Взгляд тот был синь и ступорозен, губы поджались, подбородок только волей внутренней выдержки согласился не дрожать.

То ли гордость, то ли чувство вины, то ли что-то ещё не позволили мальчишке ни рыпнуться, ни воспротивиться, и он так и остался сидеть с этой вот задранной под неудобным углом головой да полуубито смотреть в прищуренные, жгущие, незнакомо-ледяные высеренные глаза.

Чуть позже, правда, что-то с ним случилось, переломилось, изменилось: страх отошёл, на его место пришла забитая лисья усталость, лепестки опали, розы опустили бутоны, в радужке вспыхнуло пронзившее стеклянное безразличие, и только тогда он, кое-как разлепив белые губы, проговорил похожим на лай деревьев шёпотом:

— Я знаю, что ты хотел. И я не был против. Если бы ты попробовал — я бы не стал сопротивляться и дал тебе это сделать. Что угодно… сделать…

Ирвин не знал, не понимал, зачем он всё это говорит.

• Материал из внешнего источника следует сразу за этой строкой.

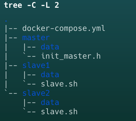mkdir -p mysql-cluster && mkdir -p mysql-cluster/master/data && mkdir -p mysql-cluster/slave1/data && mkdir -p mysql-cluster/slave2/data && touch mysql-cluster/docker-compose.yml && touch mysql-cluster/master/init_master.h && touch mysql-cluster/slave1/slave.sh && touch mysql-cluster/slave2/slave.sh最终创建的目录结构如下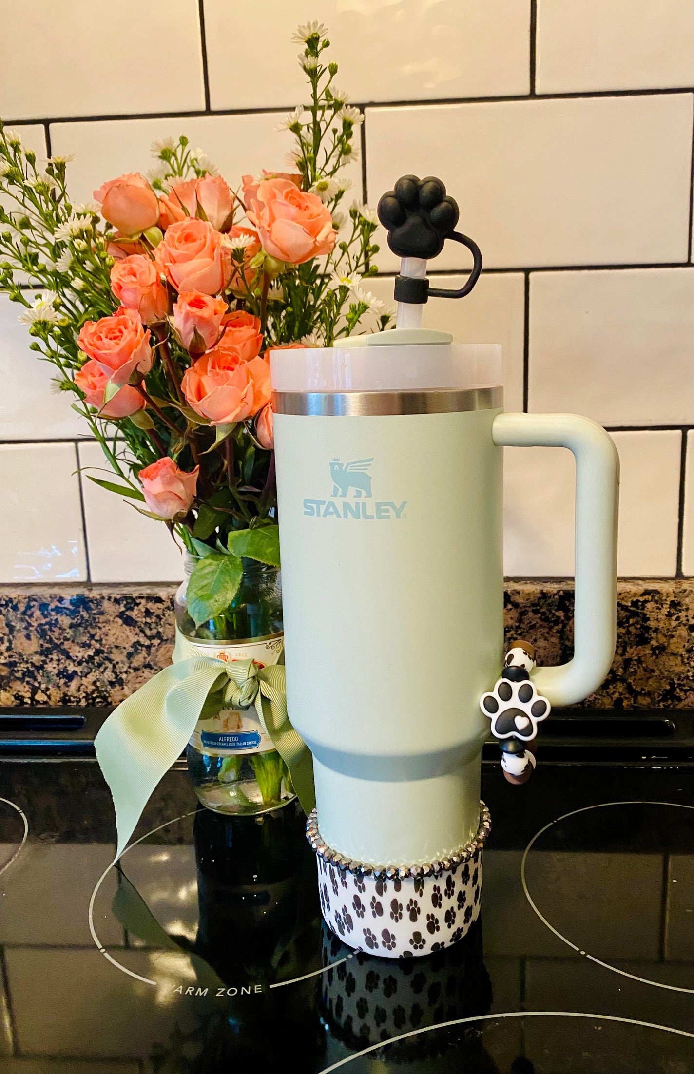 Accessorize your favorite tumbler cup with this adorable 3D Black Dog Paw Straw Topper. This cover fits 10mm/0.4inch straws and is compatible with Stanley 30 & 40 oz tumblers straws. Made from silicone.

Даже не так, нет: он не понимал, как этот спятивший бесстыжий принц мог так легко говорить о таких вещах, когда…

Когда сам ведь…

— То есть одного члена тебе было мало, да? Ты хотел получить второй? Или третий? Или каким я там был у тебя по счёту?

Впервые в жизни ему хотелось опустить руку чуть ниже, сжать пальцами тонкое лживое горлышко и совсем чуть-чуть то стиснуть: не чтобы сломать, но чтобы задушить, припугнуть, причинить боль и хоть немного, господи, отомстить, чтобы эта сволочь поняла, насколько ему и тогда, и сейчас было от всего этого до-вопля-и-навзрыд невыносимо.

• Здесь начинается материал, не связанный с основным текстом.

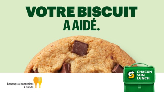 Notre programme Chacun son lunch est en train de compter tous les biscuits que vous avez achetés la semaine dernière et fera un don à Banques alimentaires Canada. Merci de nous avoir aidés à nourrir des enfants!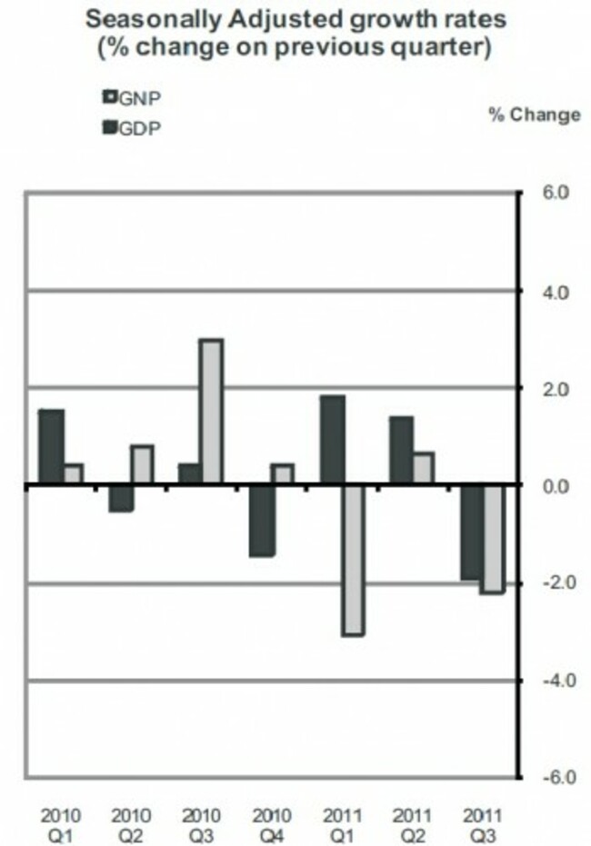 To recap, the Irish economy is still officially the worst-performing one of all the 27 EU states. Our Gross Domestic Product (GDP) fell by 1.9 per cent in the months from July to September this year. Gross National Product (GNP), a more accurate barometer of economic performance, fell by 2.2 per cent in that time. This contraction in the economy is the worst since early 2009 and reverses the growth trend of Q1 and Q2 of this year.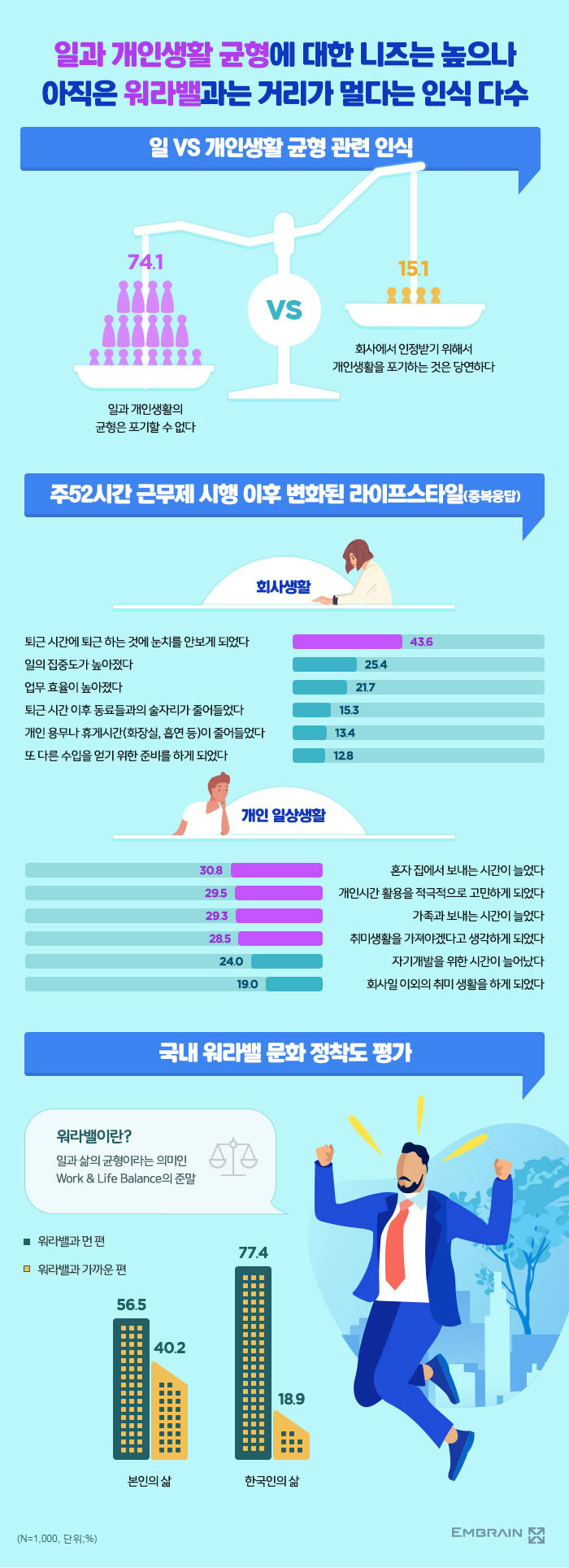- 전체 74.1% “일과 개인생활의 균형을 포기할 수 없다”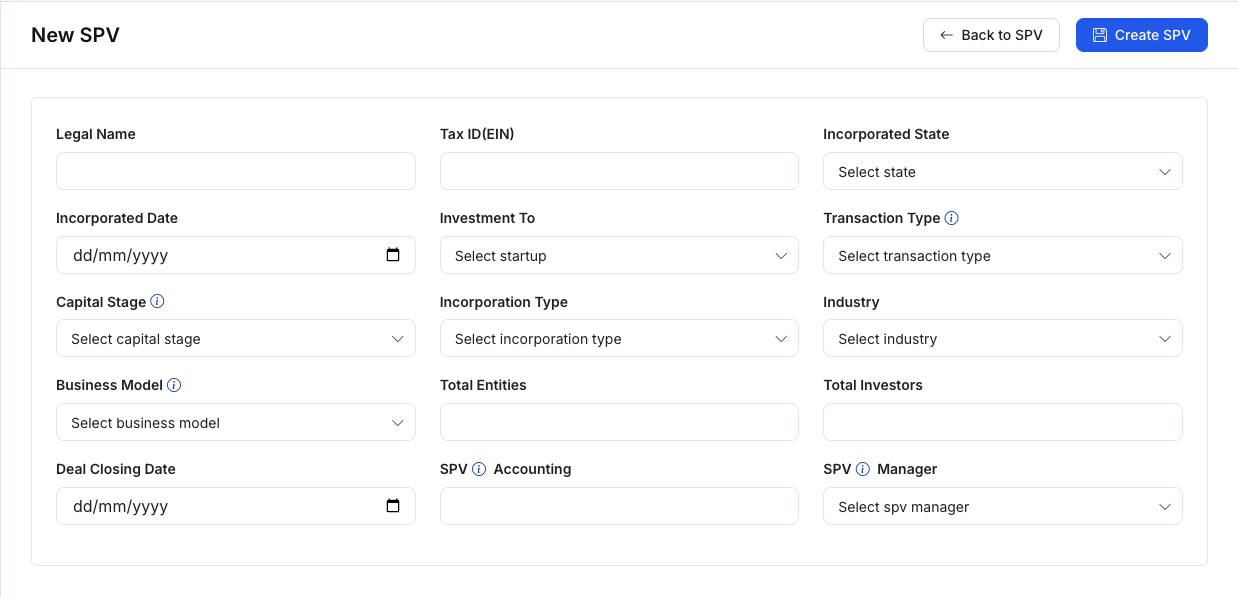 Click New SPV to create a new SPV. The New SPV form typically includes:

Он даже сделал это, притронулся пальцами второй руки к чёртовой мальчишеской шее, огладил ту вдоль быстро колотящихся артерий, обвёл, провёл вверх и вниз, на самую каплю сжал, но…

Понял, конечно же, то, что и так с самого начала знал: как бы ему ни было больно, как бы ни было погано, как бы ни рассыпались его собственные мёртвые кости, он не может, просто не может причинить ему боль.

Не-мо-жет.

Карстен это терпел, молчал, принимал, как будто понимал, что заслужил и получает поделом, как будто понимал и то, что думал, глядя ему в глаза, Вейсс, и от этого становилось только хреновее и больнее, но сжать пальцы не получалось всё равно.

Не получалось.

И всё тут.

— Вторым, — а потом он сказал вот это.

Сказал так неожиданно, так из ниоткуда, так, как не должен был, никогда не должен был, потому что нечто внутри седого всё ещё пыталось верить в обратное и ссылаться на какое-то грёбаное недопонимание, что Ирвин…

Ирвин немножечко…

Умер.

И ещё совсем немножечко, самую-самую капельку, то своё непреложное переборол.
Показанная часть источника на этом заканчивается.